The 20+yo games manage to give me a 9999x more faithful impression of an actual living and breathing world that keeps existing even when the player character is not there, with characters whose existence, motivations and interests are not defined only by their relation to the player. This is my main problem with BG3: Static, theme-parky locations where everything is mashed close together (for convenience?) and time simply doesn't exist; player-centric characters (and player-sexual companions, but whatever...) written/scripted in such a way that it's clear when their sole purpose is to provide the player with dialogue(s) and/or quest(s) and/or a cutscene or two; locations where almost every inch has to have some kind of purpose _to the player_...

I want (way more) bedrooms/bathrooms/toilets/latrines/useless store rooms - though, funnily enough, we sure DO get lots of useless/empty containers, almost on the other extreme end of the spectrum.
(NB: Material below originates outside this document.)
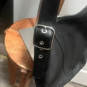Vintage black Coach Leather crossbody has one main compartment with a back zipper pocket and two pockets. Interior has the signature C’s. Has silver toned hardware and comes with a metal hang tag. Missing pull tag.

I want to believe locations where people live were actually designed for people to live in and I want the game to give me the impression that people there actually do _live_. Yes, if you design a game world in such a manner, there will inevitably be some lost convenience and "wasted time" - but if the world you create is living and believable, then it's actually not a waste of time at all. 20+yo (Infinity Engine games, Fallout 1 & 2...) games were able to pull that off pretty well, I wonder what would happen if someone actually embraced this kind of world design with today's technologies. For a game that calls itself Baldur's Gate 3, a believable living world should have been an obligatory MUST HAVE in the pre-development/planning phases, instead we get a theme park "world" design that gets called out even by people that don't care about the originals, that's just sad...

Everything else (shitty controls, questionable combat, occasional cringy writing - the originals weren't completely without fault in this regard either) I can get over, but not this weird feeling that the whole BG3 world is in a snow globe.